= Human Rights Awards (Australia) =

Australian awards granted for achievement in the field of human rights

The Human Rights Awards are a series of awards for achievements in the field of human rights in Australia, bestowed by the Australian Human Rights Commission at the Human Rights Day Ceremony in December in each year.

==History==
The Human Rights Awards were established in 1987 by the then Human Rights and Equal Opportunity Commission (HREOC) "to recognise the contributions of individuals across the nation who made it their life's mission to champion human rights, social justice, and equality for all". The award began as an event to recognise human rights in film, television and literature, but as of 2021 covers a wider spectrum. Of the original categories, only the Human Rights Medal has endured.
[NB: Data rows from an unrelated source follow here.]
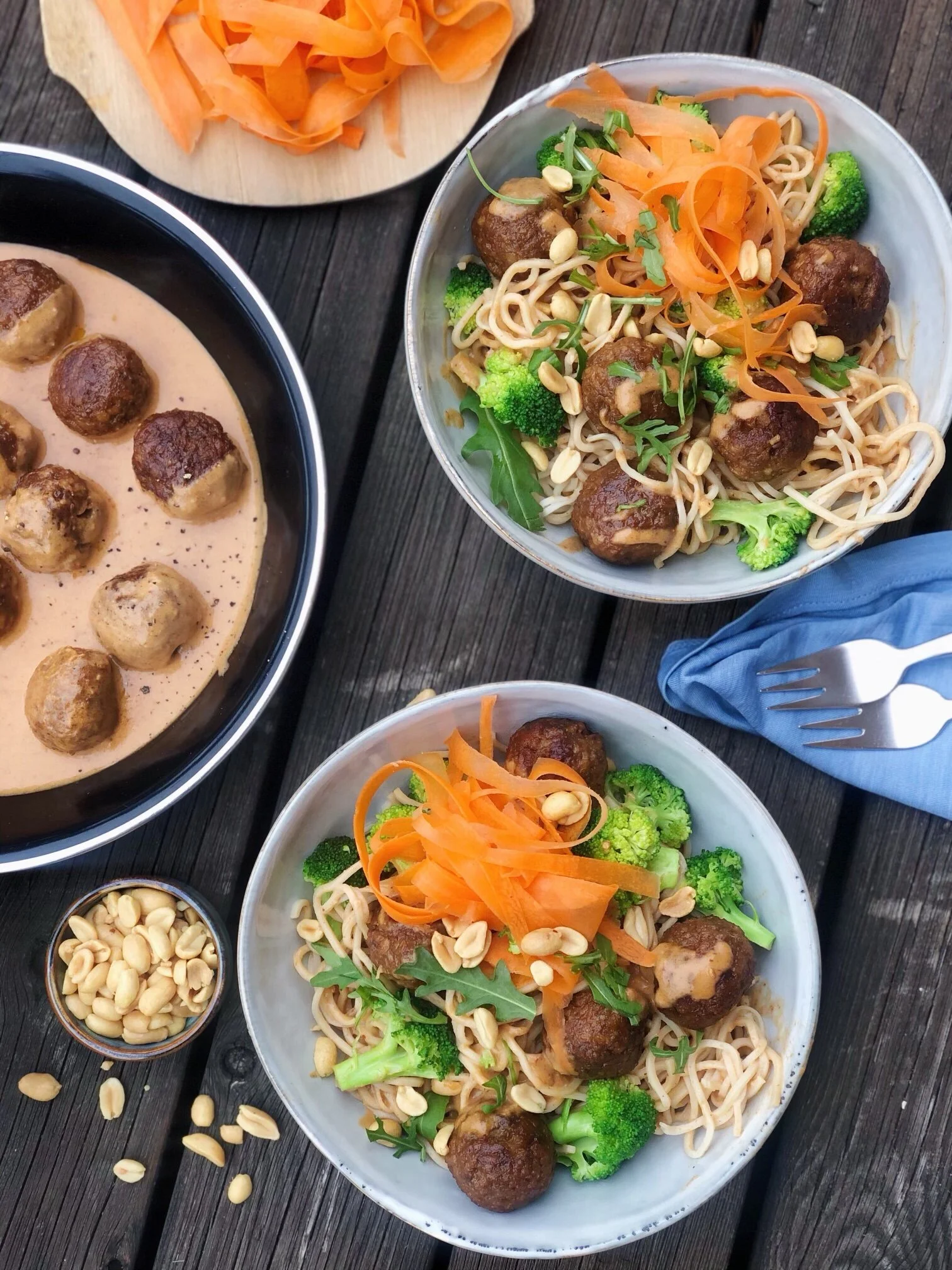 Jordnötsnudlar med asiatiska sojabullar
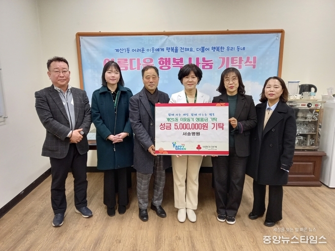 (중앙뉴스타임스 = 방재영 기자) 인천 계양구에 위치한 서송병원(대표원장 김홍용)은 1월 27일 지역 내 어려운 이웃들을 위해 써달라며 이웃돕기 성금 500만 원을 계산1동 행정복지센터(동장 김희수)에 기탁했다.
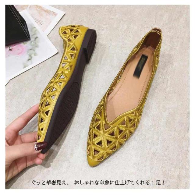 パンプス ローヒール カットワーク 透かし模様 パンプス 痛くない ポインテッドトゥ ぺたんこ 走れる フラットパンプス フラットシューズ バレエシューズ 夏 合成皮革 刺繍 歩きやすい 柔らか 軽量 サンダル 脱げない カジュアル おしゃれ フェミニン オフィス 22.5-25.0cm
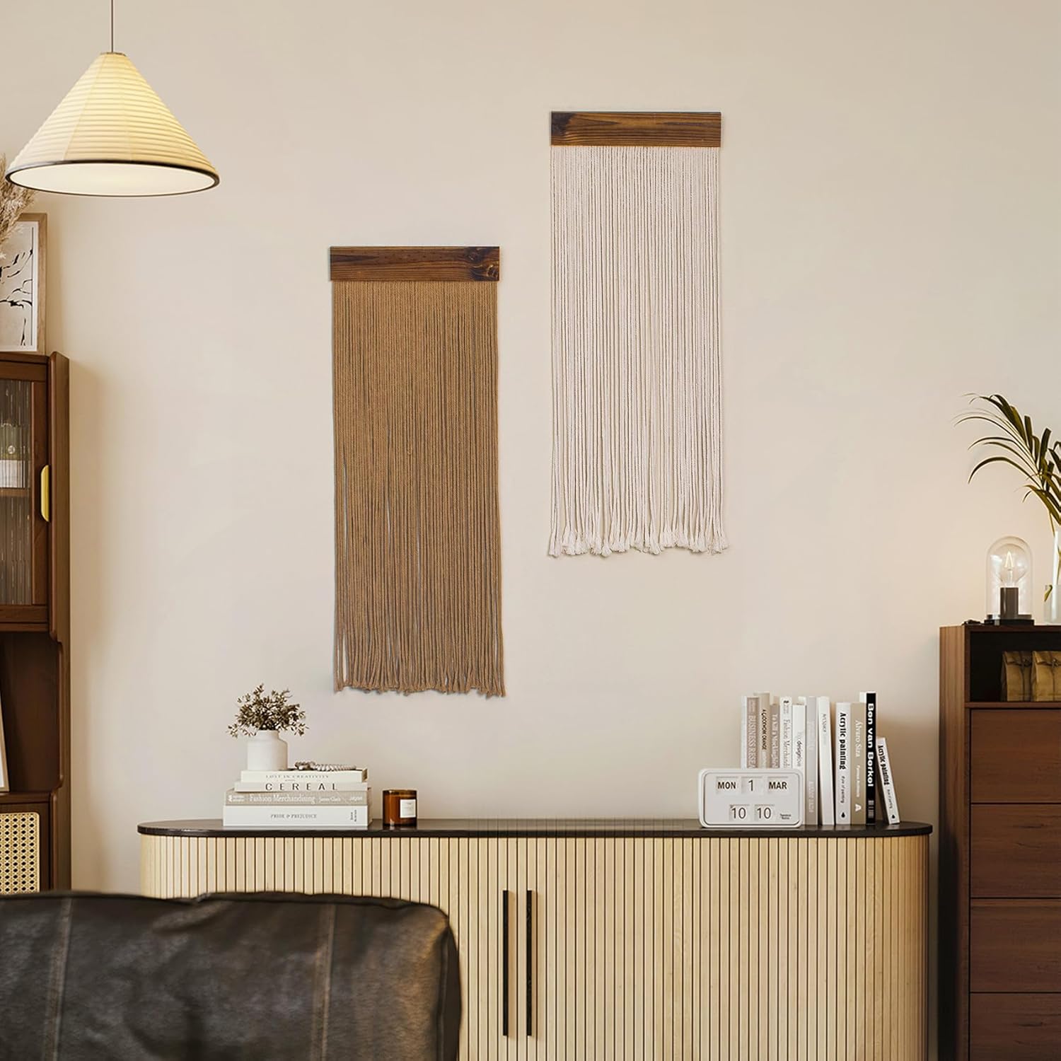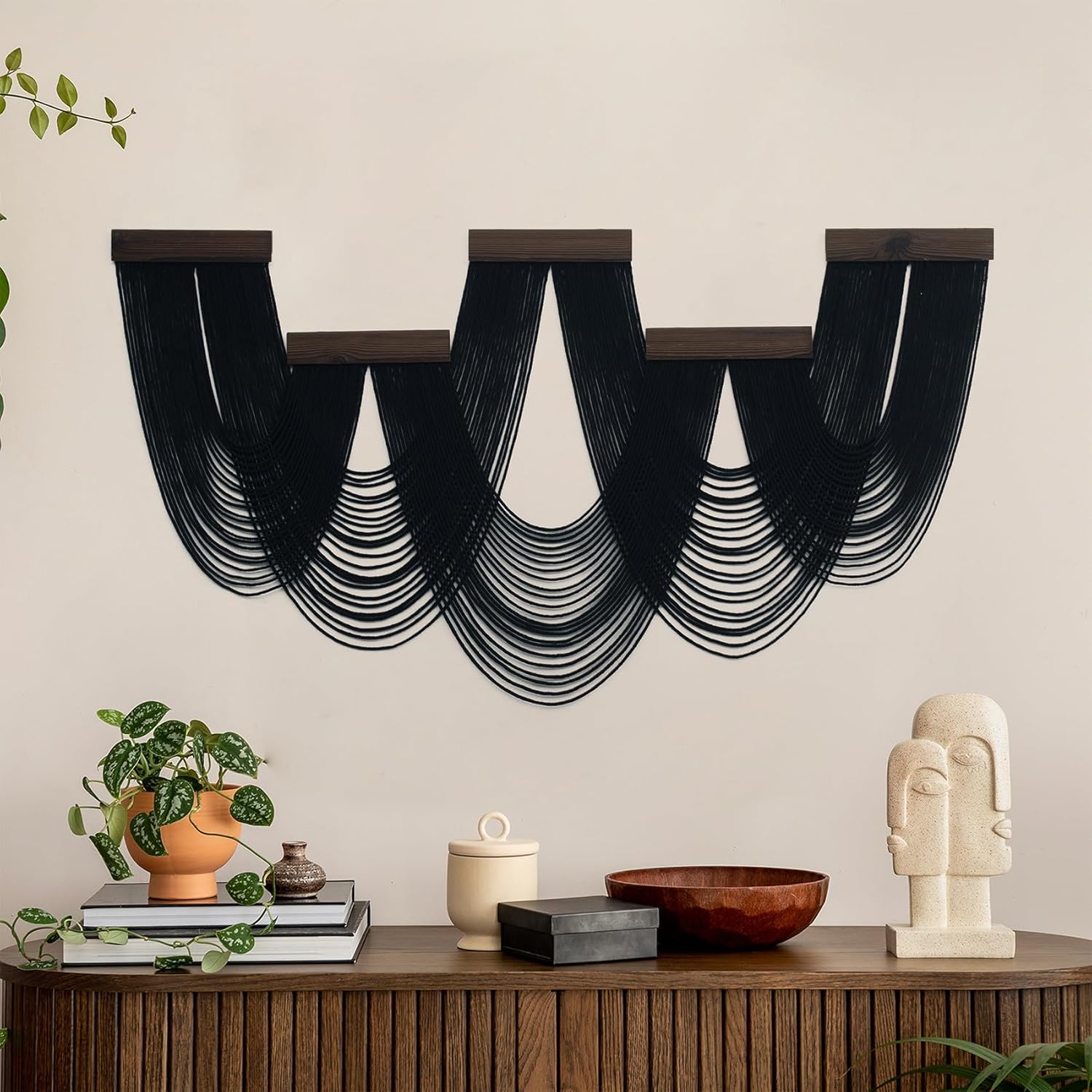 Handmade cotton rope weaving: Carefully crafted by hand, adding a unique artistic touch to your space.Material: Cotton rope, soft and comfortable textureBohemian modern minimalist style: equipped with seamless hooks, can be hung, easy to install, can be used as wall decoration, living room background wall, headboard, foyer, corridor, dining room, homestay, photography background, etcBest gift: This Bohemian style tapestry wall art decoration is perfect as a housewarming, birthday, anniversary, wedding, Valentine's Day, Mother's Day, Thanksgiving, Christmas gift for family, friends, or colleagues.Tips: The macrame may be curly during transport, you can iron it with an iron steam or pull down the strings to regain the straight shape
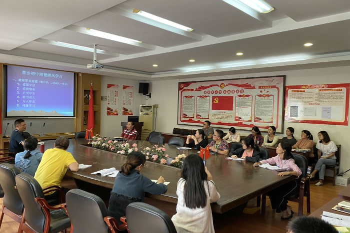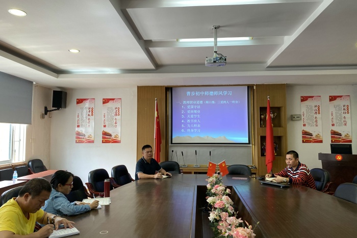 10月23日上午,曹步中學在二樓會議室召開“師德師風”專題學習會議,副校長吳文杰強調要加強師德師風建設,培養高素質教師隊伍,希望老師們牢記《新時代中小學教師職業行為十項準則》,全面提升教師思想政治素質和職業道德水平。
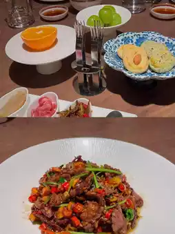 酒店位于台州市黄岩区,周边环境不算繁华,也不是核心城区,但旁边就有购物中心,生活和外卖资源都很丰富。酒店大堂有两层楼高,晚上灯光比较昏暗,风格类似CCD,也和宁海喜来登类似,但略逊一筹。中餐厅的蒜蓉豆瓣面很好吃,服务也很棒。早餐印象一般,但户外用餐区视野开阔,有橘子树和花园,景色不错。去了国庆寺,可惜没进去,因为关门了。周围环境挺适合散步的。在永泉镇买的蜜橘虽然贵,但是很甜。邓紫棋的工作人员在台州演唱会期间就住在这家酒店。台州拥有丰富的旅游资源和美食,例如美味又实惠的雪军小吃摊。然而,这家酒店不在市中心,所以交通稍远。但优质的餐饮和服务弥补了这一不足。总分:7分。
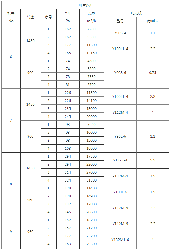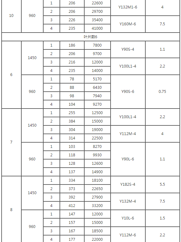 本风机按其叶轮直径共分NO4,5,6,7,8,9,10,11.2.等八个机号,叶片数有4片,6 片两种叶片安装角度可制成 15度, 20度, 25度,30度 四种.
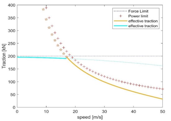 In the figure below, the traction force is represented with respect to velocity. The darker lines represent the ideal forces while the lighter-colored ones represent the forces adjusted by friction (Ftraction − Ffriction), it also being a function of velocity. The plot (Figure 2) is calculated using a 0% gradient:
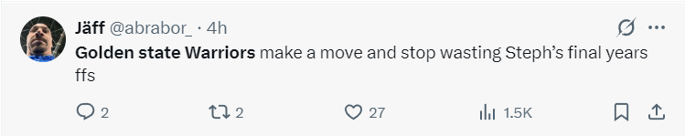 库里球迷:勇士队应该出手了,不应该继续浪费库里的巅峰期,就这么简单明了都不懂吗?
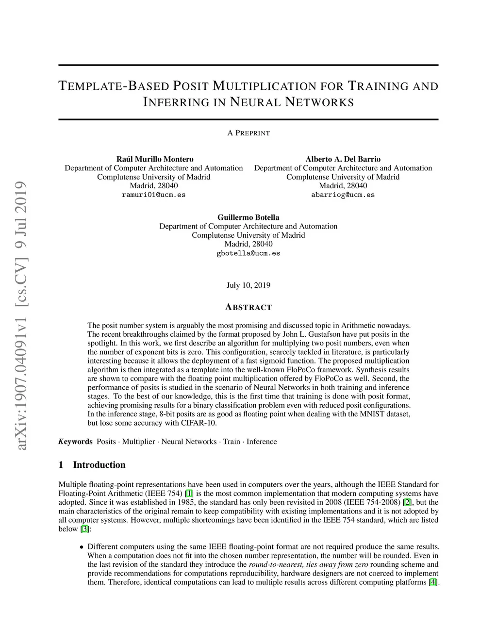 Template-Based Posit Multiplication for Training and Inferring in Neural

In 2020, owing to the COVID-19 pandemic in Australia, instead of the awards ceremony, ten "Human Rights Heroes" were recognised as finalists, including the Torres Strait 8 and Corey Tutt.

=== Past categories===
In 1990 categories included:

- Poetry Award
- Drama Award
- Prose Award
- Film Award
- Songwriting Award
- Television Drama Award
- Television Documentary Award
- Radio Documentary/ Current Affairs Award
- Metropolitan Newspapers Award
- Regional Newspapers Award
- Magazines Award

The Literature Award, Print and Online Media Award, Radio Award, and Television Awards were discontinued in 2015.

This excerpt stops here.